• [Source data]
..............................
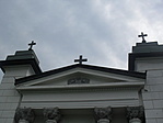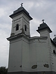 A hátsó homlokzat tornyának emeleti részén félköríves ablakok.
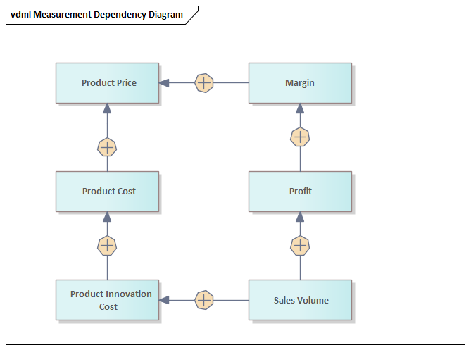 Using the Value Delivery Modeling Language (VDML) facility you can model organizations and the way in which value is exchanged. The models can be used to show the relationship between Capabilities, Activities, Stores, Roles, Value Propositions. In the following diagram you will see the use Measured Characteristics to represent aspects of the cost and profit associated with the development of a new product. The elements are connected by the Measurement relationship indicating the direction of the measurement.
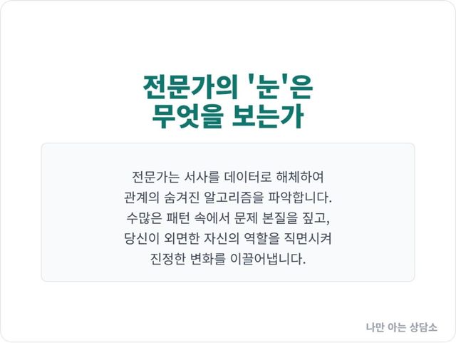 전문가는 이 모든 것을 수집하여, 당신이 구축한 서사의 이면에 숨겨진 진짜 ‘관계의 알고리즘’을 역추적한다. “그는 원래 무심한 사람이었어요”라는 당신의 진술은, “전형적인 회피형 애착 성향과 불안형 애착 성향의 충돌 패턴이군요”라는 객관적인 데이터로 번역된다.
..............................
• [Problem description] Return the listing above in an exact copy that leaves out the images.

• [Result of this task]
 A hátsó homlokzat tornyának emeleti részén félköríves ablakok.
 Using the Value Delivery Modeling Language (VDML) facility you can model organizations and the way in which value is exchanged. The models can be used to show the relationship between Capabilities, Activities, Stores, Roles, Value Propositions. In the following diagram you will see the use Measured Characteristics to represent aspects of the cost and profit associated with the development of a new product. The elements are connected by the Measurement relationship indicating the direction of the measurement.
 전문가는 이 모든 것을 수집하여, 당신이 구축한 서사의 이면에 숨겨진 진짜 ‘관계의 알고리즘’을 역추적한다. “그는 원래 무심한 사람이었어요”라는 당신의 진술은, “전형적인 회피형 애착 성향과 불안형 애착 성향의 충돌 패턴이군요”라는 객관적인 데이터로 번역된다.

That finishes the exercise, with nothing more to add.